Слова Карла вновь и вновь всплывали в моей памяти. Я поднял голову; в небе повисла луна — не голубовато-серебристая, а ядовито-ртутного цвета. Она медленно плыла в океане замерзшего жира. Вокруг нее в пустоту разбегались огромные, устрашающие кровавые круги. Как громом пораженный, я застыл на месте. Задрожал всем телом. И вдруг без повода, без причины, без предупреждения, словно кровь из лопнувшей артерии, из меня хлынул плач. Я разревелся как ребенок.
Спустя несколько дней я вынырнул в еврейском квартале. Разумеется, ни в окрестностях Сен-Поль, ни в любом ином округе Парижа не отыскалось той улицы, которую она указала на обрывке салфетки.
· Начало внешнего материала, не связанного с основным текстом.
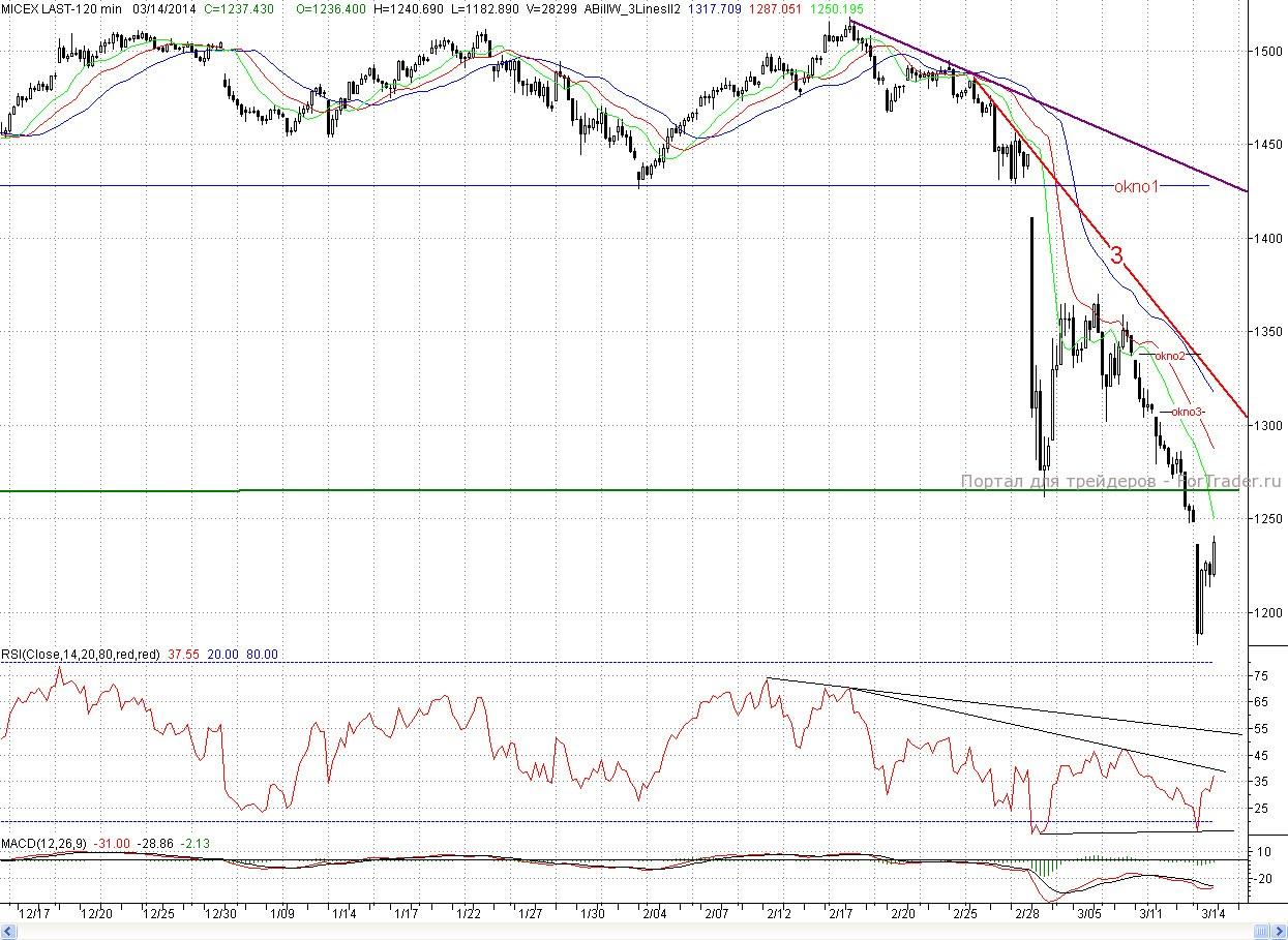 С технической точки зрения плюсом для покупателей является то, что на 2- часовом графике образовались бычьи дивергенции. Потенциальная по RSI присутствует и на дневном тайм-фрейме. К тому же дневная форма свечи очень оптимистична для покупателей и предполагает дальнейший подъем котировок. Однако неделя в целом снова завершилась негативно для них. Так что мажорное пятничное закрытие не переламывает среднесрочную минорную ситуацию. И предполагаемый рост будет рассматриваться всего лишь отскоком. А его сила будет определяться конкретными действиями со стороны Запада. Ближайшим же сопротивлением выступит бывшая поддержка – предыдущий локальный минимум от 3 марта (1 261,84 п.). Более сильным редутом будет незакрытое окно №3 от 12 марта (~1 305 п.). В этом же районе проходит краткосрочный падающий тренд (3) и уровень 38% коррекции от падения с середины февраля. Роль ближайшей поддержки сыграет утреннее окно, а далее район пятничного послеобеденного минимума (~1 215 п.)

Справившись по телефонной книге, я убедился, что в городе не один, а несколько отелей носят названное ею имя; однако все они помещались на значительном отдалении от квартала Сен-Поль. Меня это не удивило, скорее озадачило. Честно говоря, с момента, когда я устремился в бегство по темной безлюдной улице, я не часто вспоминал о ней.
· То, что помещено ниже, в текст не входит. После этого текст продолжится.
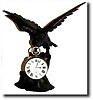 C.1890, Swiss, 8-day, pin set clock, with eagle stand. The eagle shows evidence of repairs, but is now intact and has been re-bronzed. Note the eagles wings are removable (held on with screws), and the eagles legs have stubs that fit down into the tree-trunk base which has the talons cast in. The over-grown watch movement is a stem wind job, with rear access through a large hinged cover. The nickeled case is mostly worn to brass. Porcelain dial is perfect. Runs. Diam. of case 3.8", Height of eagle, 15" Should attract a lot of attention at $200-300
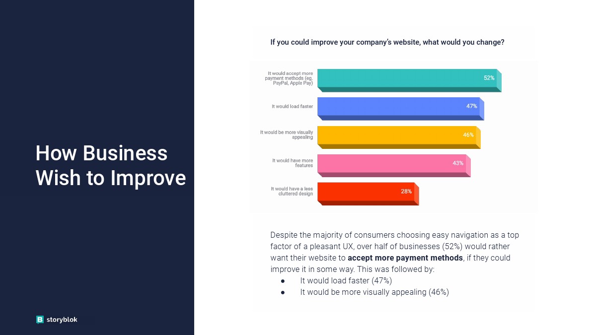在这项研究中,65%的受访者表示,在网上购买产品时影响受访者最大的因素是导航的便利性。快速决策,快速加载速度是关键,有一半的人(51%)认为这是他们购买过程中的一个决定因素。视觉吸引力(50%)和简单的设计(45%)也是影响因素。
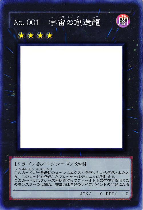 | レベル4モンスター×3 このカードが一番最初のターンにエクストラデッキから召喚されたとき、このカードを召喚したプレイヤーはデュエルに勝利する。 このカードがエクシーズ素材を持ってフィールド上に存在する限りこのモンスターの攻撃力、守備力は自分のライフポイントの半分になる。 | |||

Само собой разумеется, об этом происшествии я не преминул рассказать Карлу. Выслушав меня, он изрек две вещи, прочно запечатлевшиеся в моей памяти.
— Надеюсь, ты понял, кого она тебе напоминает? Когда я признался, что нет, он рассмеялся. — Пораскинь мозгами, — напутствовал он меня, — и поймешь.
Другое замечание как нельзя более точно характеризовало моего друга:
— Я наверняка знал, что тебе кто-то встретится. Между прочим, в момент твоего ухода я вовсе не спал: я только делал вид. Скажи я тебе наперед, что тебя ожидает, ты бы просто выбрал другой маршрут. Всего лишь ради того, чтобы доказать мне, что я неправ.
В еврейский квартал я попал в субботу после обеда. Направлялся-то я, собственно, на Плас де Вож, каковую и ныне считаю одним из прекраснейших мест в Париже. Однако в субботний день ее без остатка оккупировала детвора. Между тем Плас де Вож создана для другого: это место, которое навещаешь в вечерний час, достигнув полного примирения с самим собой, дабы насладиться безбрежным одиночеством. Плас де Вож — что угодно, только не детская площадка; это приют воспоминаний, тихая обитель исцеления, где набираешься сил.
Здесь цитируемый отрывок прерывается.